PyConfusion may take long time, and may consume a lot of resources. For better isolation, it may be run in a Docker container. [configs/cpython3](configs/cpython3) contains an example of Dockerfile which can be used to test CPython. The Dockerfile instructs Docker to do the following:

* install all necessart dependencies
* download latest [CPython sources](https://github.com/python/cpython)
* build CPython with enabled runtime memory checker
* look for all available native modules
* and finally run testing for all found native modules, or only for specific ones

The following command builds a docker image.
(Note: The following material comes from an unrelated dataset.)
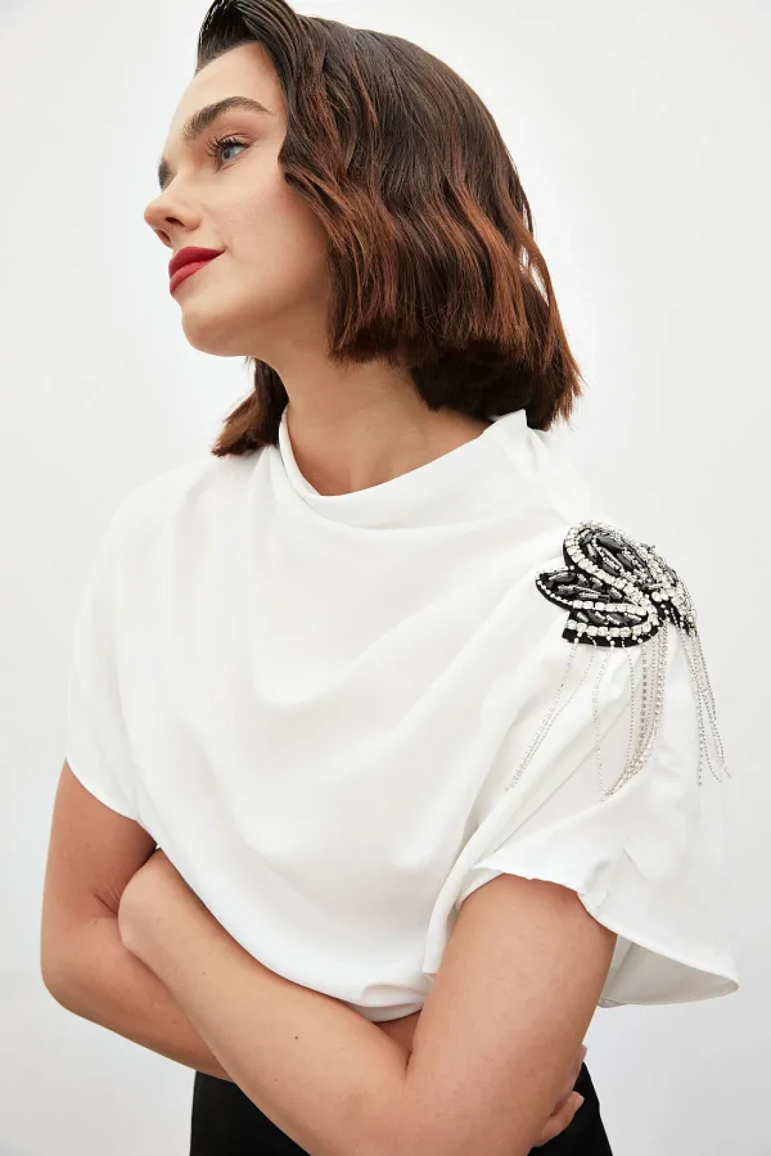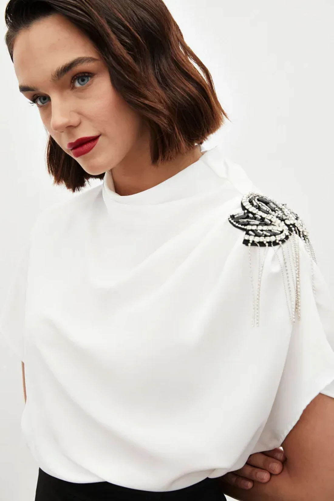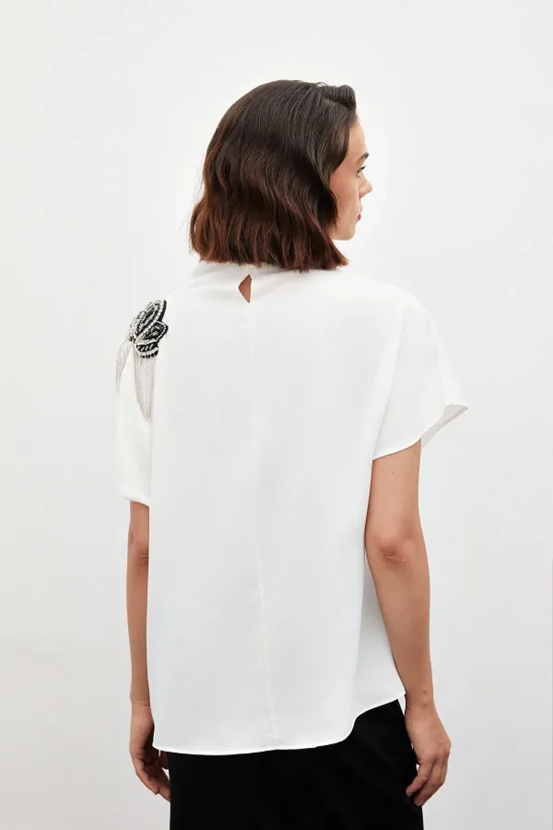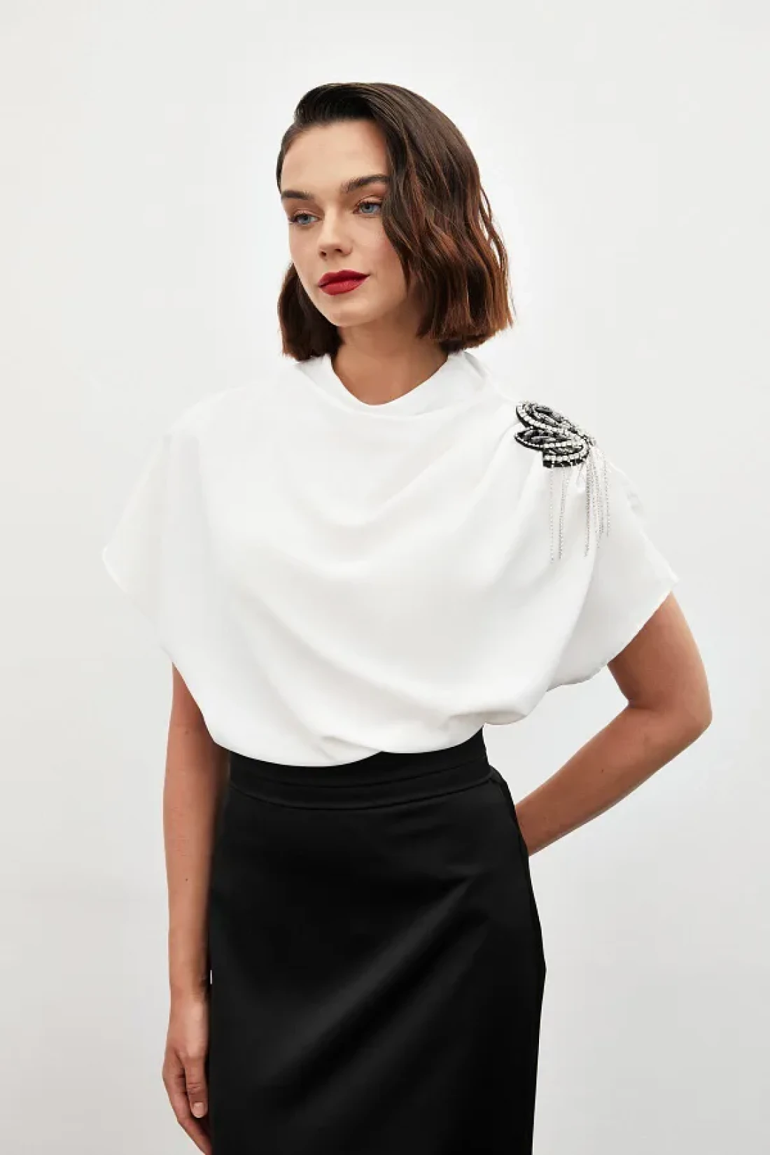 Sateen Casual Blouse with One Shoulder Accessory - Ecru

It should be run from the root of pyconfusion repository:

```
docker build --file configs/cpython3/Dockerfile --tag pyconfusion/cpython3 .
```

The following commands run fuzzing for all available native modules:

```
mkdir -p results
docker run -v `pwd`/results:/var/results pyconfusion/cpython3
```

Logs are going to be written to `./results directory`, and `./results/fuzzed_modules` file is going to contain a list of fuzzed modules. If the container rerun, the modules listed in `./results/fuzzed_modules` are going to be skipped

Use the following commands to rerun specific modules (for example, _io module)

```
docker run -v `pwd`/results:/var/results -e MODULE=_io pyconfusion/python3
```

## PyConfusion and AddressSanitizer

It may be useful to build modules with AddressSanitizer (and may be with other runtime checkers). It may help to identify more issues. CPython supports AddressSanitizer out-of-the-box. It can be enabled in build-time like the following:

```
ASAN_OPTIONS="detect_leaks=0 allocator_may_return_null=1"
./configure --prefix=/var/python --with-pydebug --with-address-sanitizer
make -s -j2
make install
```

## What's next?

Currently PyConfusion is looking only for crashes and memory corruptions which can be detected by runtime checkers. But theoretically it can analyze results of API invocations such as return values and exceptions, and look for unexpected results. Such analysis may higly depend on the functionality under the test, so that it may be hard to create a universal analyzer for any functionality.

Another way of improving PyConfusion is extending the testing with new test values and fuzzing methods.